Instructions for the task: Your copy should begin with the line containing "Calendar template with", end with the line containing "Євродвушка площею 50м", match the listing below exactly, and contain no pictures.

Dataset records:
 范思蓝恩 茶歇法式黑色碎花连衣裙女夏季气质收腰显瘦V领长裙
...
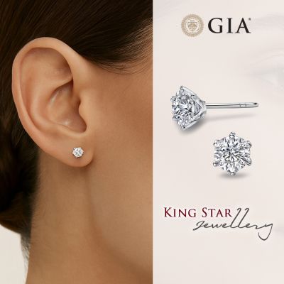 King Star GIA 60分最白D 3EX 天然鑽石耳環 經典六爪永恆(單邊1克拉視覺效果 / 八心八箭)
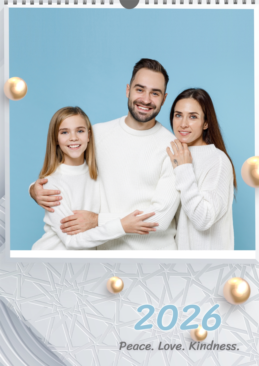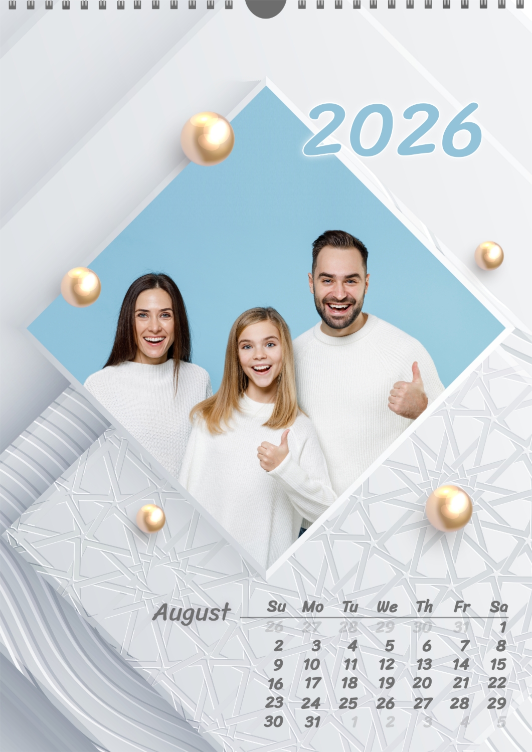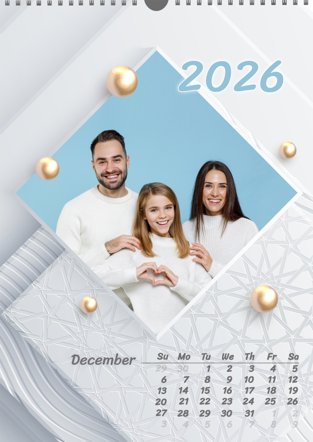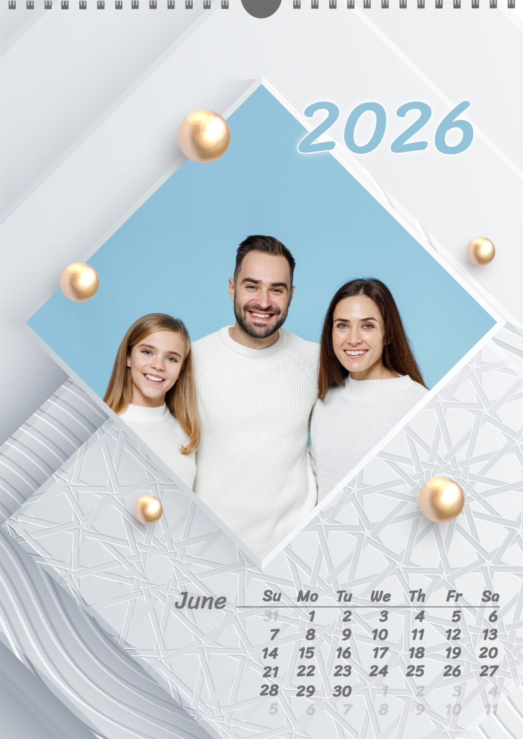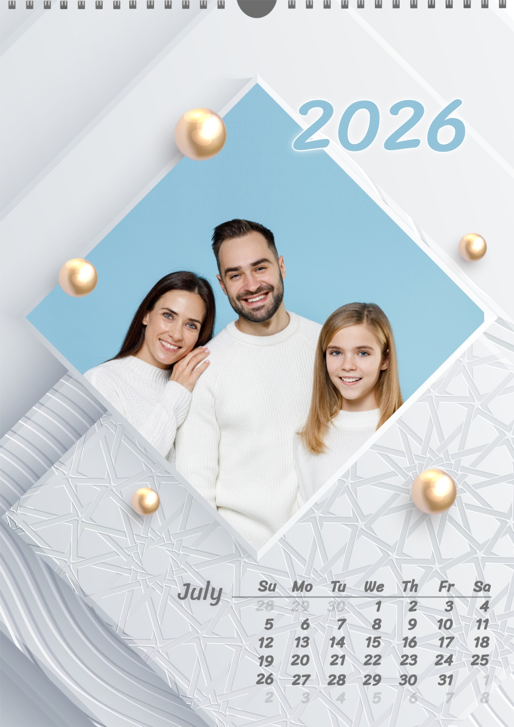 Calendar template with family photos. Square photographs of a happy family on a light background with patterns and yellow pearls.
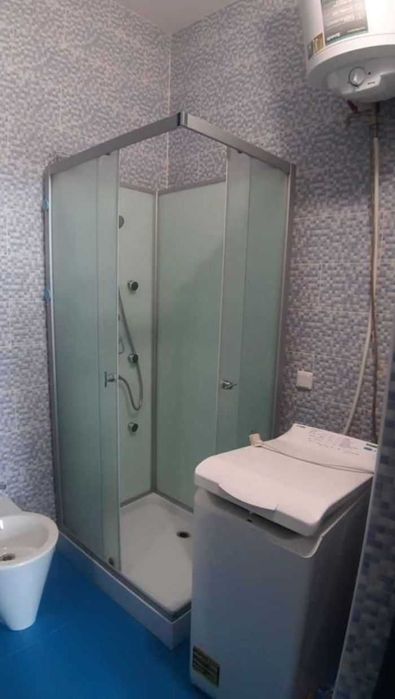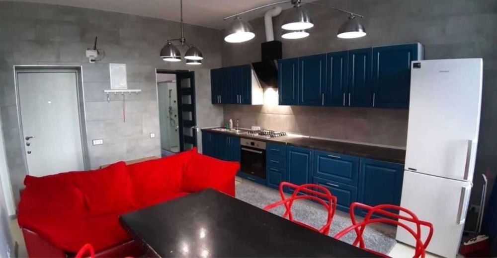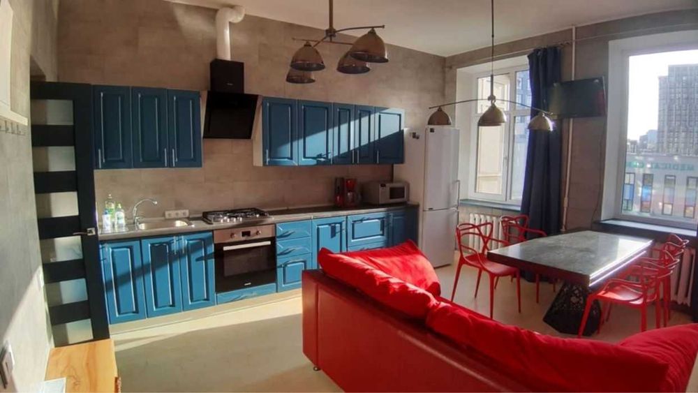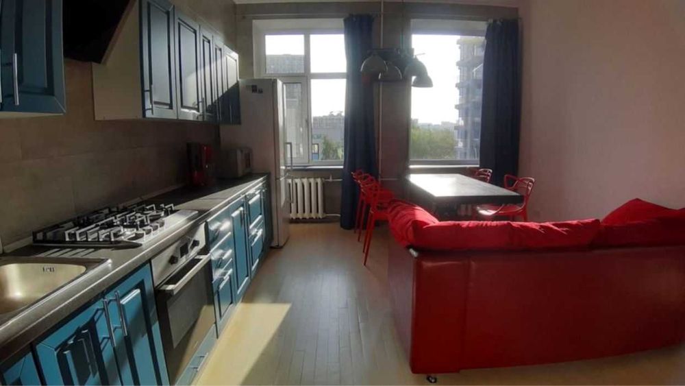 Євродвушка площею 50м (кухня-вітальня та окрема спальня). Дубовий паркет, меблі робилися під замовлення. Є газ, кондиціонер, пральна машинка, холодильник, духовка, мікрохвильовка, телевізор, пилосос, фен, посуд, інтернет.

Task solution:
 Calendar template with family photos. Square photographs of a happy family on a light background with patterns and yellow pearls.
 Євродвушка площею 50м (кухня-вітальня та окрема спальня). Дубовий паркет, меблі робилися під замовлення. Є газ, кондиціонер, пральна машинка, холодильник, духовка, мікрохвильовка, телевізор, пилосос, фен, посуд, інтернет.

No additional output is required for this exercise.